With approval from the institutional ethics committee and informed consent obtained from each participant, forty patients of ASA grade I - II, aged 20 - 65 years, undergoing breast cancer surgery were included. Patients received a thoracic paravertebral block for up to 72 hours and pregabalin until the end of the fourth postoperative week. Patients were randomly allocated into two groups: “Control” and “yoga.” Patients in the Yoga group practiced the yogic exercise “Anulom-vilom" from the third day until the 90th day postoperatively. The delta-CT of miRNA-133B expression of genes on the 90th postoperative day was compared to the baseline, along with various pain intensity and quality of life parameters.Results:
In the Yoga group, a significant up-regulation in miR-133B expression was observed on days 30 and 90 postoperatively. Patients with PMPS in the Yoga group showed a decreased ΔCT of miR-133B, indicating an up-regulation of gene expression, compared to the control group. A lower incidence of PMPS (10% vs. 30%) was observed in the experimental group, along with a significant enhancement of quality of life in post-mastectomy patients and decreased mean Visual Analogue Scale (VAS) pain scores, Pain Detect Questionnaire (PDQ) ، and Neuropathic Pain Symptom Inventory (NPSI) scores in the Yoga group; however, these were not statistically significant.Conclusions:
The study demonstrated the feasibility of integrating yoga with a multimodal pain management approach and highlighted the role of miR-133B in the pathogenesis of PMPS.Keywords
Anuloma Vilom Chronic Pain Micro RNA miR-133B Neuropathic Pain Post Mastectomy Pain Syndrome Quality of Life Yoga
1. Background
Postmastectomy pain syndrome (PMPS), a chronic neuropathic pain condition, is a common sequelae of breast cancer surgery, with reported incidence rates ranging from 20% to 70% (1-3). Yoga, as a complementary and alternative medicine (CAM) approach, has been extensively explored as a potential intervention for cancer patients, primarily for psychological health and quality of life improvements (4-6). A literature review revealed two studies evaluating the impact of yoga on pain symptoms in breast cancer surgery patients; however, these studies were limited by small sample sizes, the absence of a control group, the use of non-validated pain scales, and a lack of evaluation for the neuropathic components of pain and PMPS (7, 8).

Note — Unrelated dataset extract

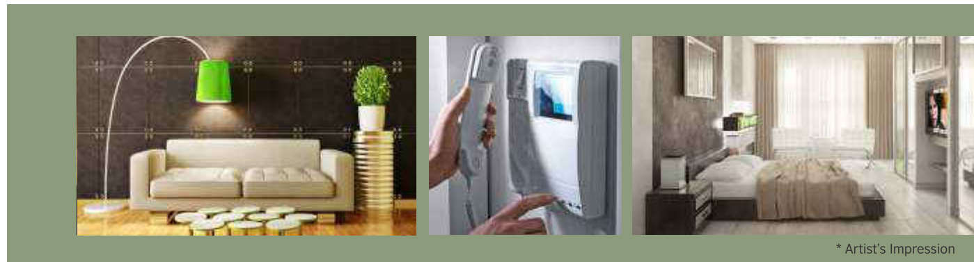
* Artist's Impression

MicroRNAs (miRs) play a role in gene expression, potentially altering protein expression and contributing to the development of long-term hyperexcitability of nociceptive neurons through peripheral and central sensitization (9). Recently, various miRs have been explored for their roles in acute inflammatory nociception and neuropathic pain, spinal cord regeneration, basic cellular functions and oncogenesis, and the regulation of cardiomyocyte hypertrophy and gastric cancer carcinogenesis (9-15). However, their role in the pathogenesis of chronic persistent postoperative pain remains unexplored.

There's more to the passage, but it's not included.